Uma Carroça Cheia de Livros


Mestre Ariano Suassuna diz que toda cidade tem sempre um amalucado de plantão. Certa vez disse ao paraibano ilustre, pernambucano por adoção, que vinha usando a afirmativa dele em relação aos bairros do Recife. E é assim mesmo: há um desajuizado em cada esquina. Era dessa forma nos meus anos de menino e continua sendo agora, na maturidade dos meus anos. Aliás, quando eu era adolescente e depois rapaz, no viço da idade, então, existiam por lá, em minha rua, na localidade conhecida como Pombal, limites - já disse isso - da Boa Vista com Santo Amaro das Salinas, pelo menos três desses figurantes especiais e ao mesmo tempo enigmáticos: Sabará, Gata Preta e Piuí. Cada qual tem uma história a ser contada, um fato a ser relatado e uma ocorrência para o riso frouxo do leitor.
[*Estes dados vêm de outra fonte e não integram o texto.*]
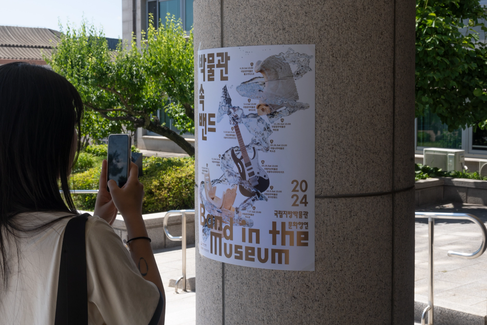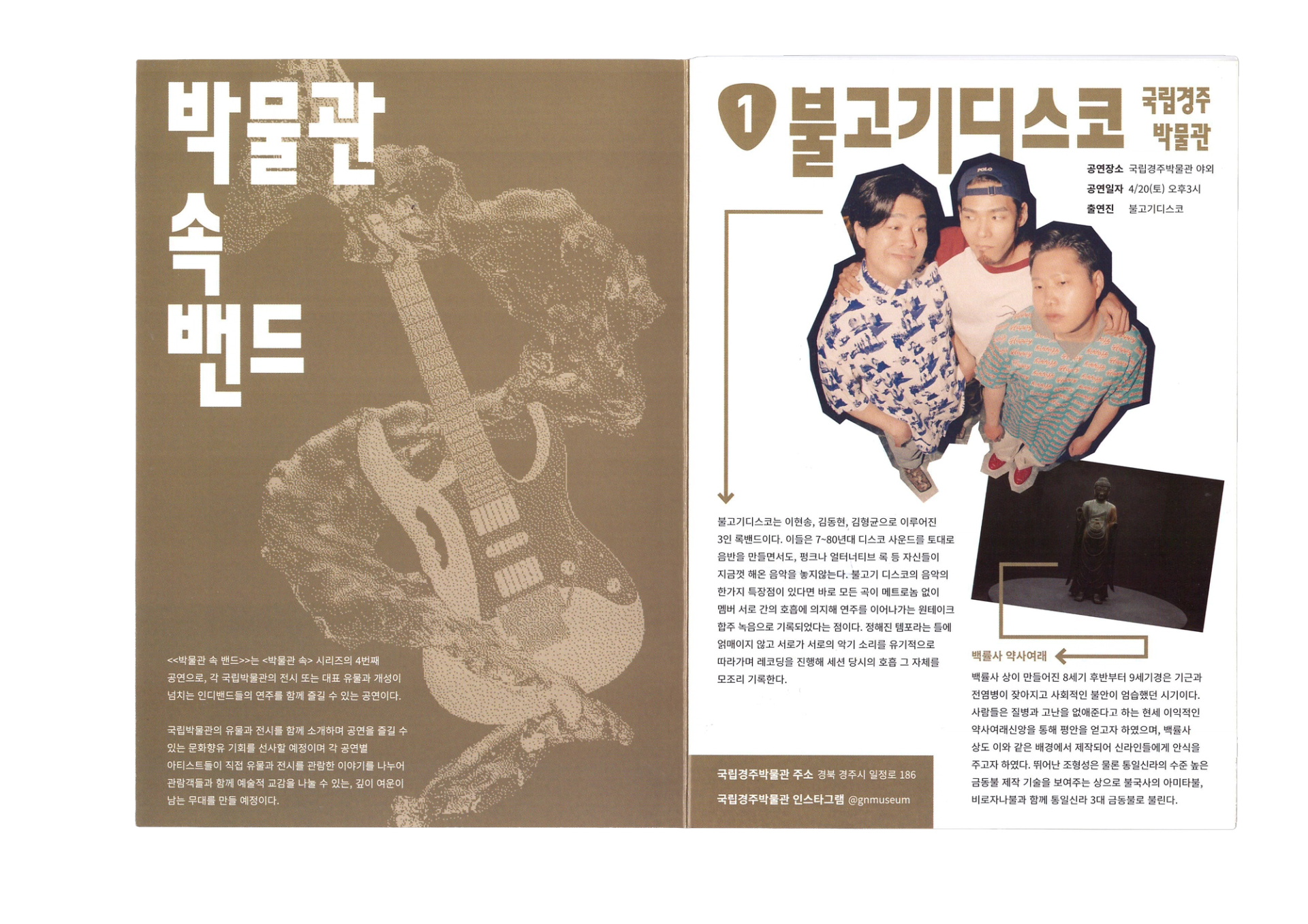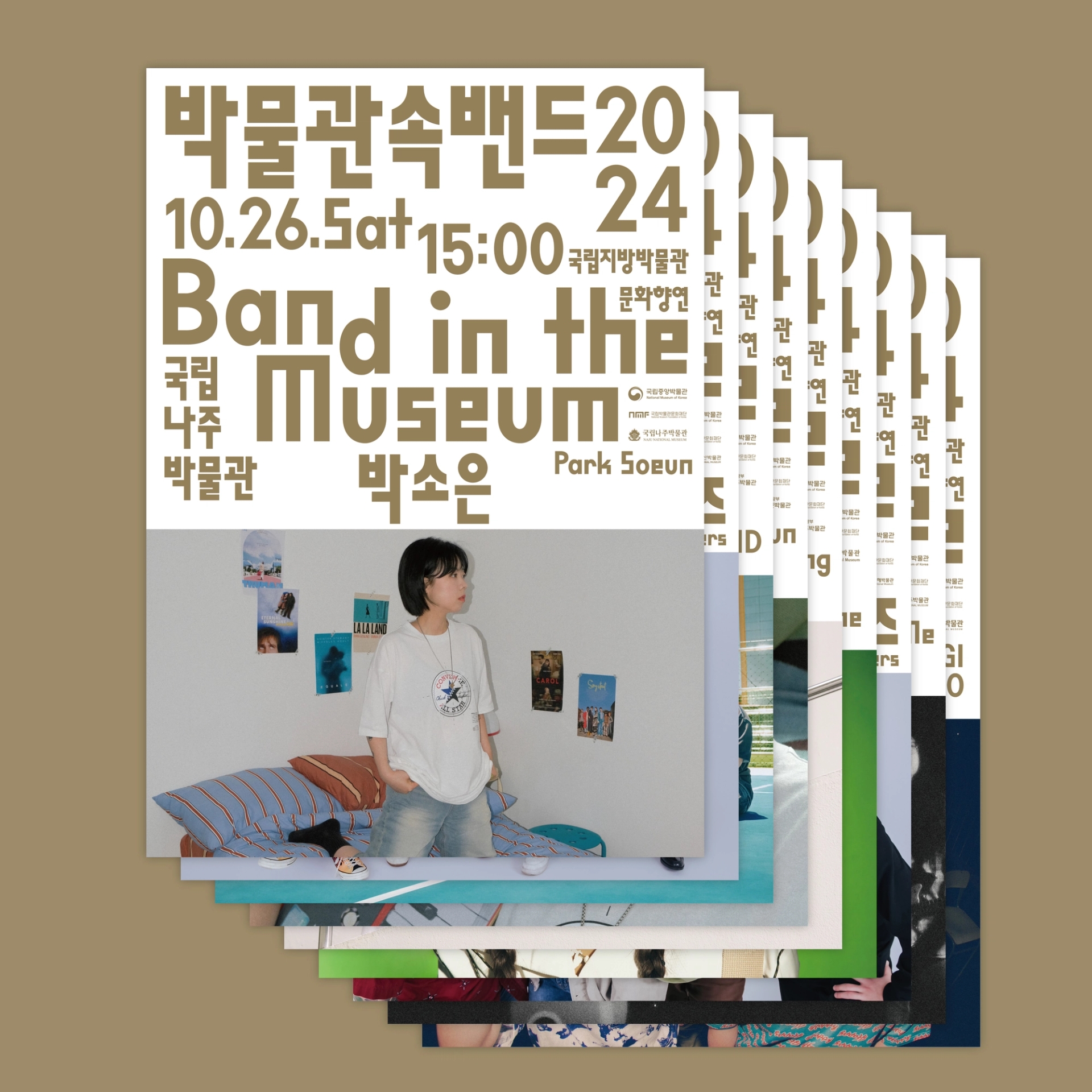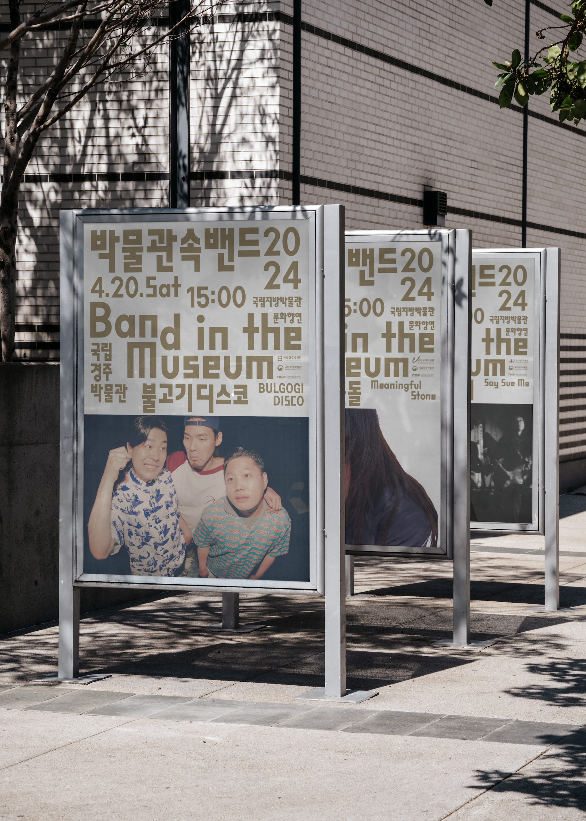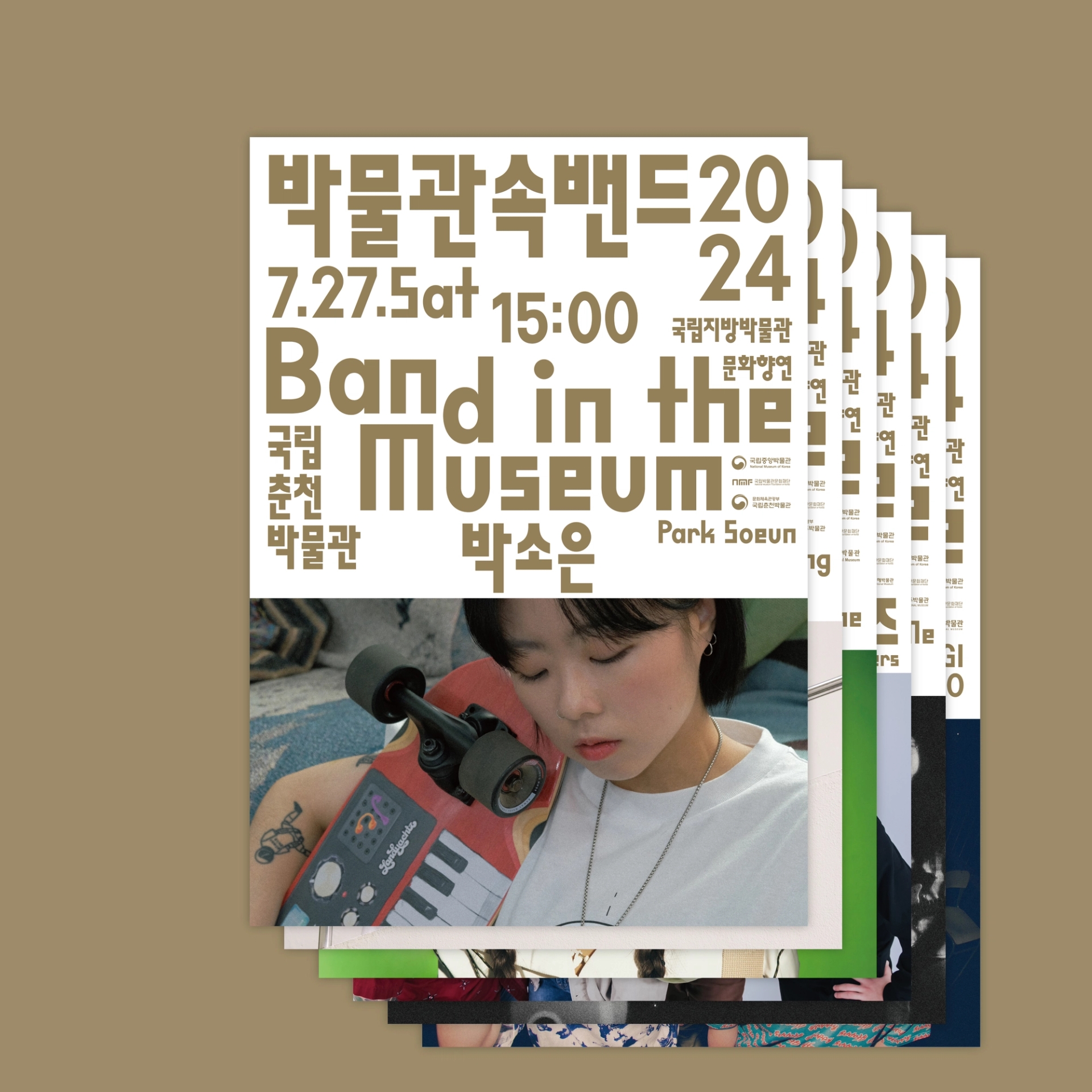 국립지방박물관 문화향연 <박물관 속 기타>의 그래픽디자인을 진행했습니다. 🎸 국립지방박물관의 주요 관람객층인 어린이, 가족, 노년층을 넘어, 청년들의 공연관람과 박물관 방문을 유도하기 위해 국립박물관을 직관적으로 떠오르게 만드는 이미지인 유물을 국립박물관의 3D 데이터 소장품을 활용하여 제작하고, 밴드를 직관적으로 표현하는 상징으로 ‘기타’를 선정해 포스터의 키비주얼로 제작하였습니다. 국립박물관(소장품)과 밴드(기타)를 하나로 묶어주는 존재인 ‘관객’과 ‘국립박물관문화재단’을 설명하기 위한 상징으로 파도치는 물결을 함께 배치하였습니다. 국립지방박물관 안에서 전시부터 공연까지 즐길 수 있는 <박물관속밴드>의 취지를 유물부터 기타로, 기타에서 유물로 이어지는 물결의 흐름으로 표현했습니다. 메인 타이틀에 사용된 타이포그래피는 기존 관람객인 노년층에게 친숙함을 주고, 신규 관람객인 청년층에게 새로움을 줄 수 있는 복고풍 폰트를 활용해 리듬감있게 배치하였습니다. 한글의 받침의 유무, 영문의 기둥의 유무에 따라 높이의 리듬감이 느껴지는 형태는 밴드 음악의 자유로움을 느끼게 해주며, 퍼즐처럼 결합되어 배치된 텍스트들은 안정된 레이아웃을 만들어 주어 국립박물관의 편안하고 견고한 느낌을 연상시키게 합니다. 공연일시와 장소, 아티스트에 대한 정보는 가장 상단부터 시계 반대방향으로 메인 그래픽을 감싸고 있습니다. 공연 순서대로 넘버링된 숫자는 기타피크의 모양을 본따 제작되었으며, 동시에 위치를 표시하는 기호처럼 보여져 전국에서 펼쳐지는 문화행사임을 암시합니다. 이러한 자유롭고 생동감있는 배치는 다소 딱딱하고 경직된 공간으로 인식되어있던 국립지방박물관에 대한 선입견을 깨주는 역할을 수행합니다.

Começo por Piuí, que sendo o derradeiro da lista, talvez tenha sido o mais peralta desses todos. Tinha vindo das bandas de Palmares, conterrâneo, portanto, do Papa Berto I, Sereníssimo Pontífice da Igreja Católica Apostólica Sertaneja. Quando menino, apanhara feito o cão. Costumava dizer que o pai lhe punia com: “Couro, couro, couro, couro...”. Um horror! Gritava em minha porta e pedia o café com pão do desjejum, chovesse ou fizesse sol. Com isso, sentava no jardim e ajudava à babá na alimentação de minha caçula, Carol por apelido. Ameaçava beber a mamadeira e a criança tomava o leite de um gole, quase. Gostava de circo e me fazia pagar a sua entrada ao primeiro sinal de uma lona sendo armada e um palhaço gritando pelas ruas: “Hoje tem espetáculo? Tem sim senhor!...”. Recebia o dinheiro e assistia do começo ao fim. Depois, cuidava em me contar tintim por tintim tudo o que vira.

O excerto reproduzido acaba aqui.